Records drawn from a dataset
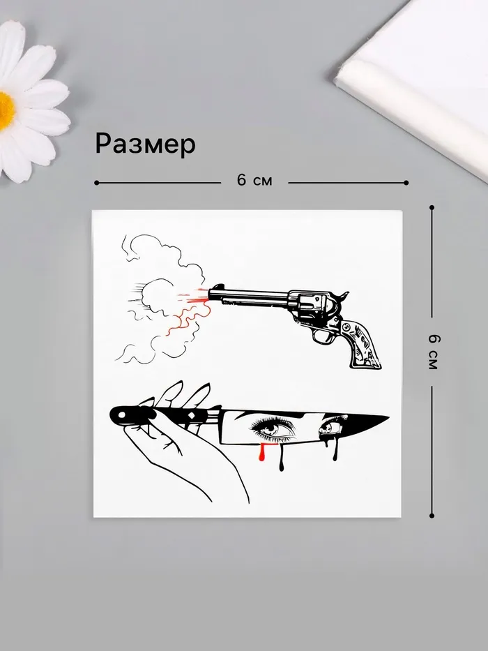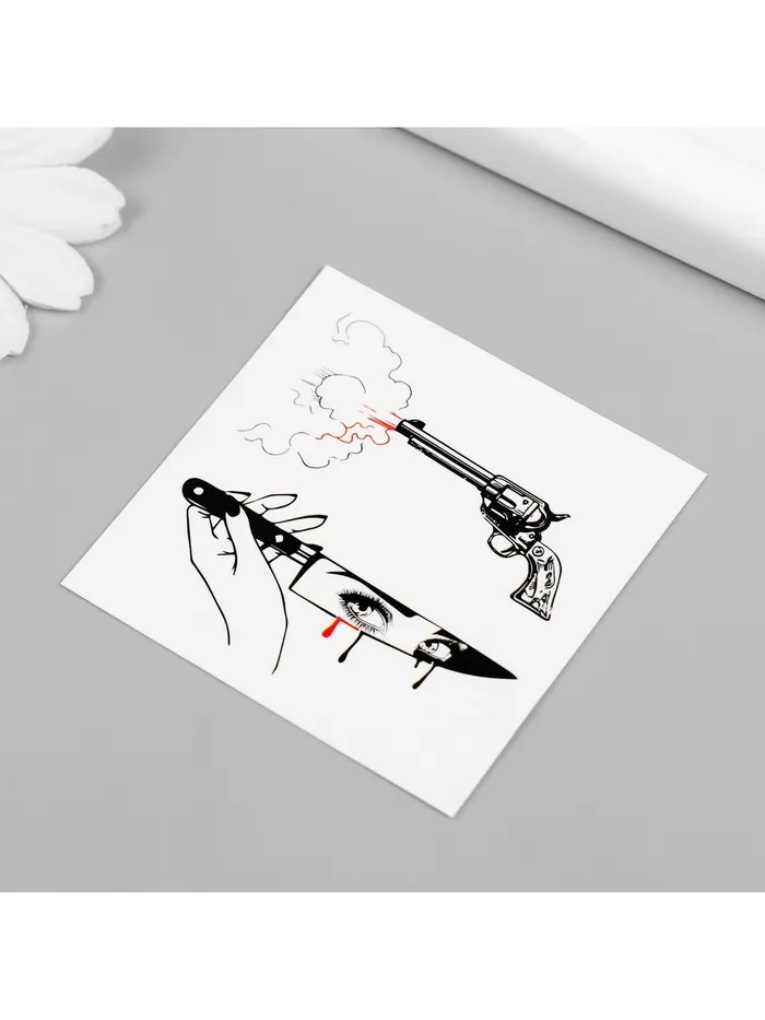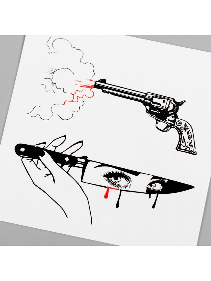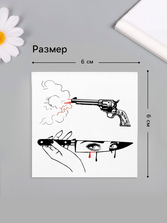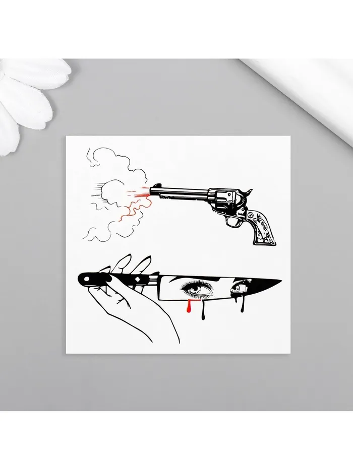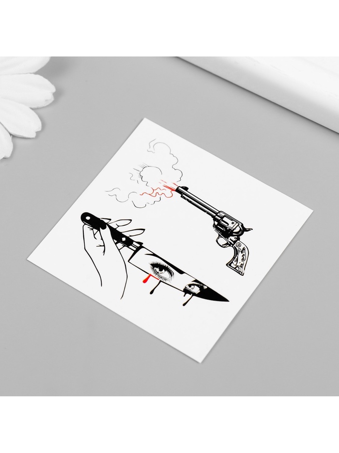 Переводная тату на тело чёрно-красная «Нож и пистолет», 6×6 см — Характеристики
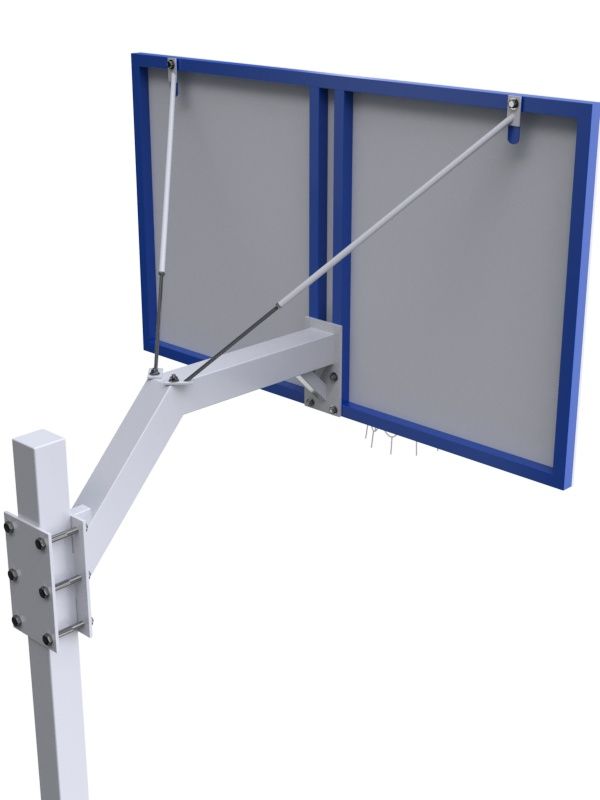 Стойка представляет собой разборную конструкцию, состоящую из вертикальной стойки, выполненной из профильной трубы 100х100х2,5 мм, передвижной консоли с рамой для крепления щита.
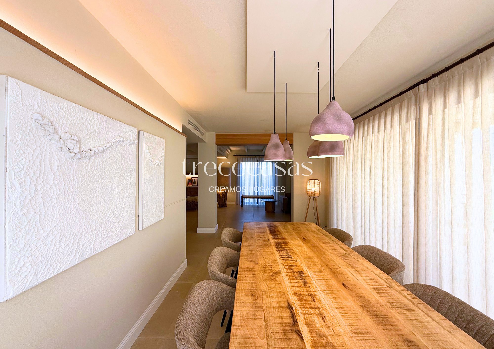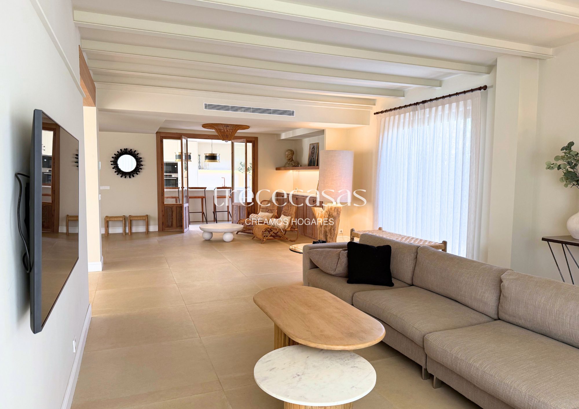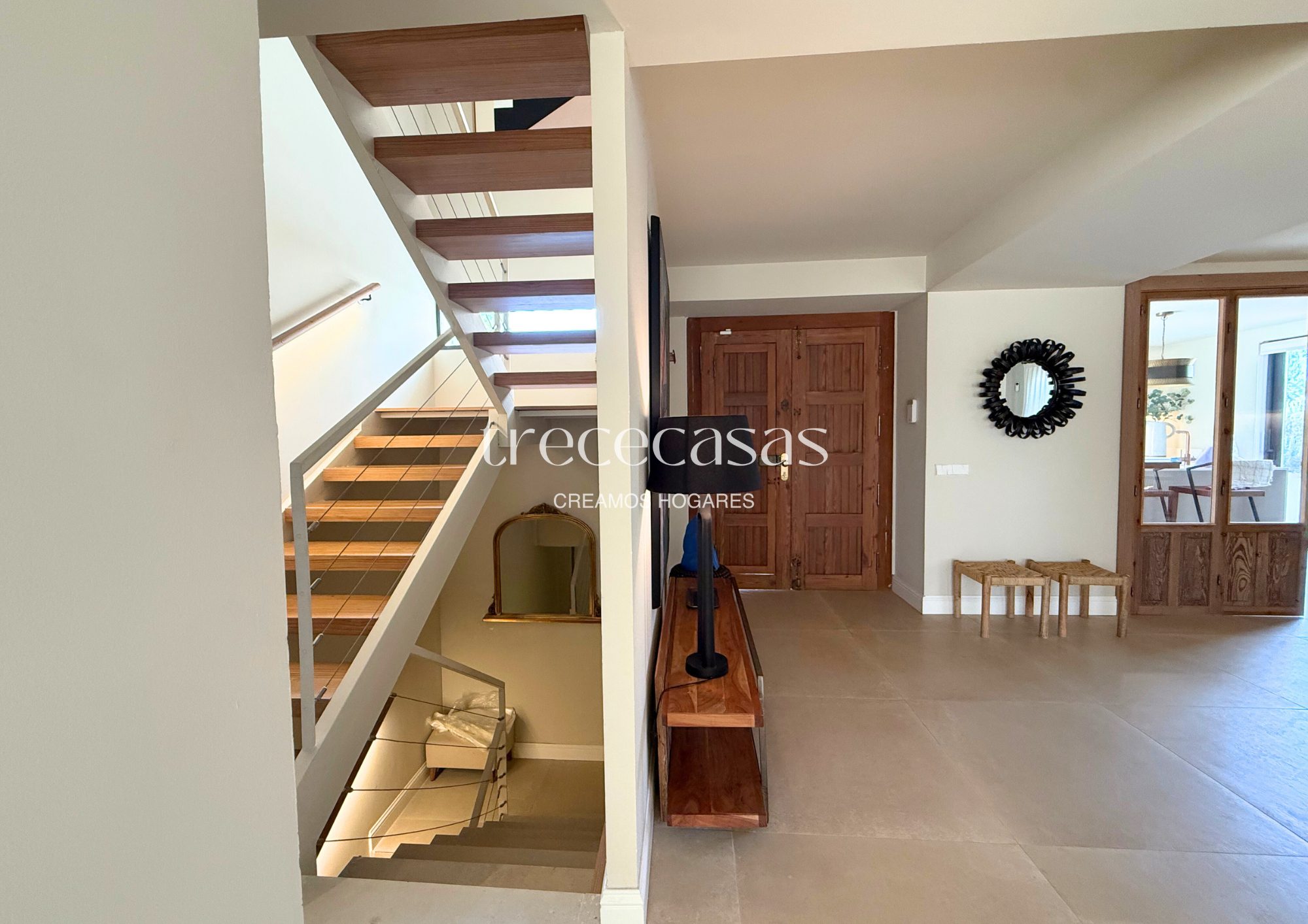 Con 359 m² construidos, la vivienda se distribuye de manera clara y funcional. El salón principal es amplio y recibe luz natural durante gran parte del día. Conecta directamente con el jardín, lo que facilita una vida interior y exterior fluida. Es un espacio pensado tanto para el descanso diario como para encuentros sociales relajados.
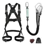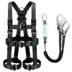 [lifning] 安全帯 フルハーネス ハーネス フルハーネス安全帯 新規格 セット 墜落制止用器具 サイズ調整可能 (ブラック)
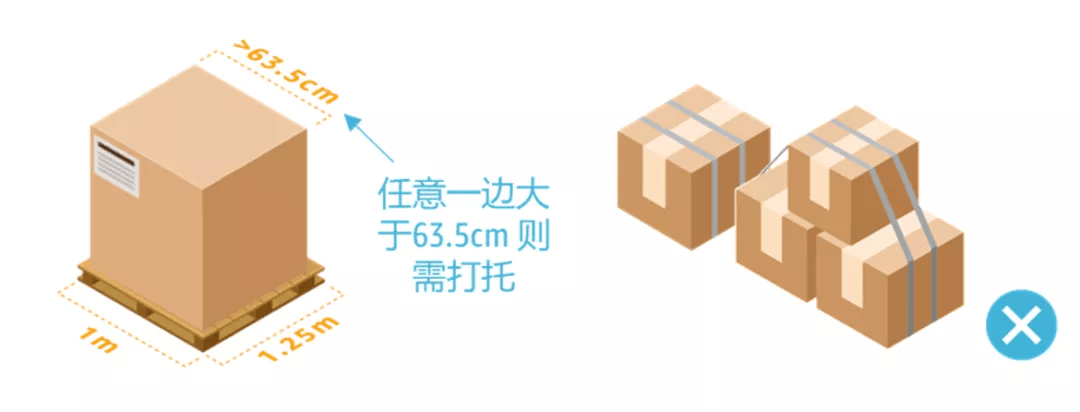 纸箱任意一边尺寸不得超过63.5cm(日本站尺寸不得超过50cmx60cmx50cm),超过则要放置在1m×1.25m的托盘上(英国站放置在1.2m×1m,欧洲其他站放置在1.2m×0.8m的托盘上)。
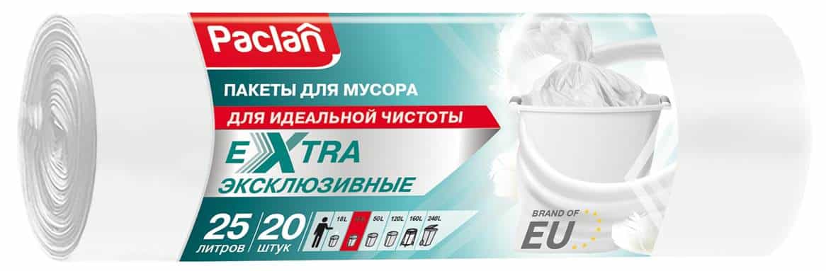 Paclan мешки для мусора Extra 25 л, 50х60 см, 20 шт
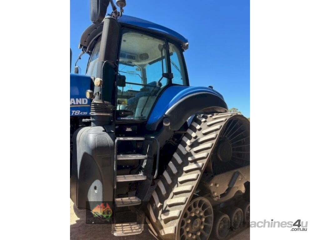 * T8.435 track tractor 435max HP with 3pl * Power shift transmission * Front axle suspension * 4 sets of hydraulic remotes + power beyond * Tyres - 620/75R30 Approx 70% * Tracks approx 600mm 70% * tractor is on 3m * 4666 Engine hours * serviced by New Holland dealer prior to being traded This unit is in fair condition and set up for 3 meters. It is an ideal second tractor or a primary tractor for 3m traffic requirements. ( NOTE ONLY 2% BUYERS PREMIUM ) Don't miss out Inspection recommended Contact Raymond Cossar Office: E: Raymondcrealmgroup .realmgroup ( Finance Available .payintime ) Don't miss out Inspection recommended Contact Rob Dingle - : robdrealmgroup ( Finance Available .payintime )
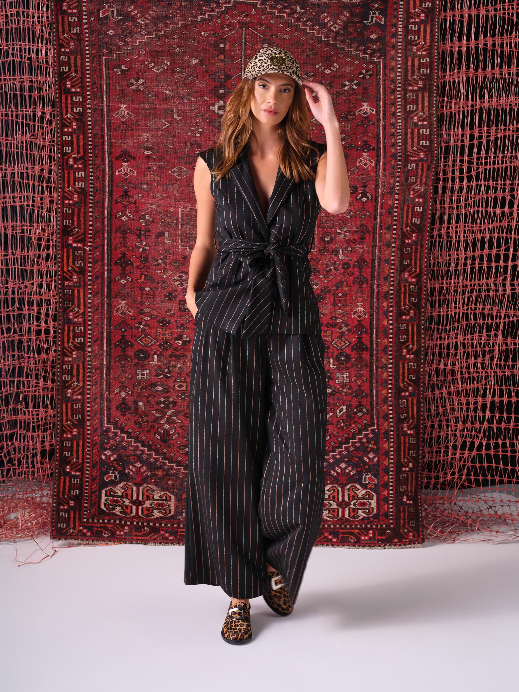 Colete com gola de lapela e manga cava. Riscas do tom em rose gold em contraste. Fecho cruzado com cinto no mesmo tecido.
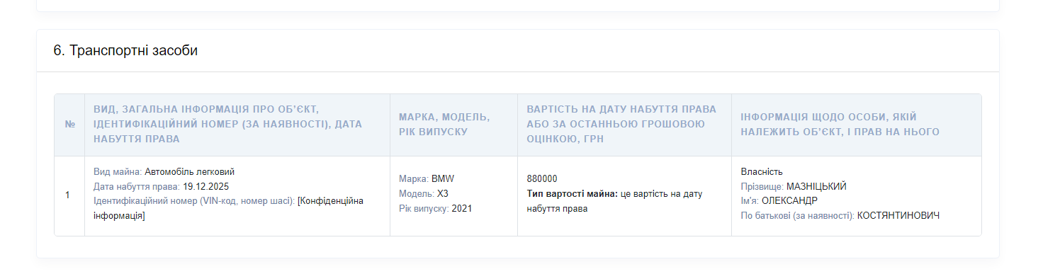 В декларации также указано приобретение нового автомобиля в 2025 году — согласно документу, это BMW X3 2021 года выпуска. Его задекларированная стоимость составляет 880 тысяч гривен, и он оформлен непосредственно на Александра Мазницкого.
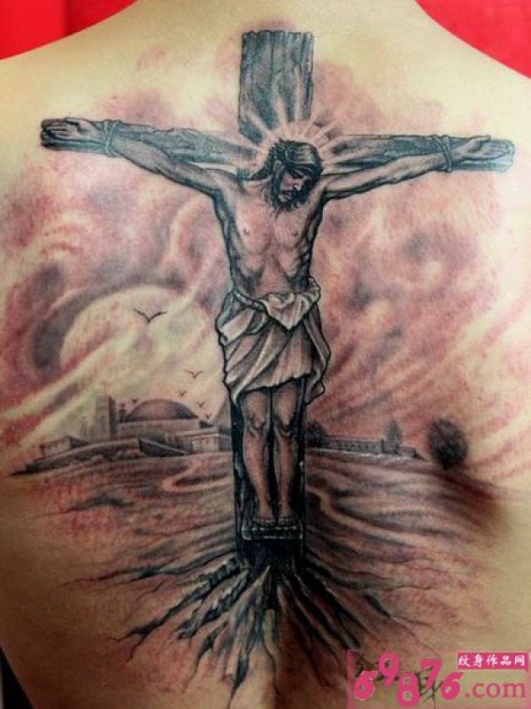 背部一款十字架耶稣纹身图案_十字架纹身图案大全_纹身图吧
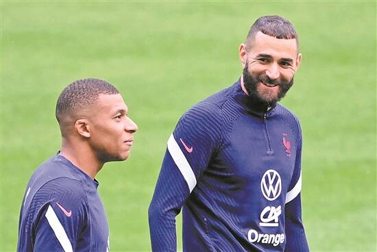 本泽马(右)与姆巴佩领衔法国队豪华锋线 图/视觉中国
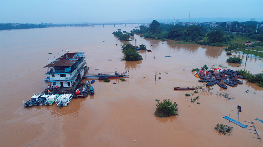 6月12日,航拍江西省吉安市泰和縣贛江段,受持續強降雨影響,贛江水位上漲,已超過警戒線。截至當日16時30分統計,6日下午開始的洪澇災害,導致該省9個設區市80個縣(市、區)260.5萬人受災,直接經濟損失56.2億元人民幣。(中新社圖片/ 鄧和平 攝)
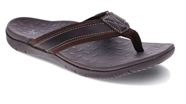 This everyday thong features a leather and webbing upper with a detailed crossed stitched front panel. The EVA footbed incorporating biomechanical technology gives you all day comfort and support.
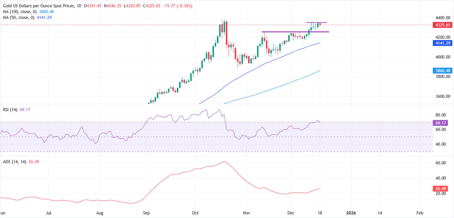 - Técnicamente, el XAU/USD continúa consolidándose por debajo de los 4.350$, con un fuerte soporte cerca de los 4.250$ que ayuda a preservar la estructura alcista.

* [The task]
What should be set down is every line from the opening of the records through the line that contains "Стойка представляет собой", exactly, with pictures left out.

* [Response to the task]
 Переводная тату на тело чёрно-красная «Нож и пистолет», 6×6 см — Характеристики
 Стойка представляет собой разборную конструкцию, состоящую из вертикальной стойки, выполненной из профильной трубы 100х100х2,5 мм, передвижной консоли с рамой для крепления щита.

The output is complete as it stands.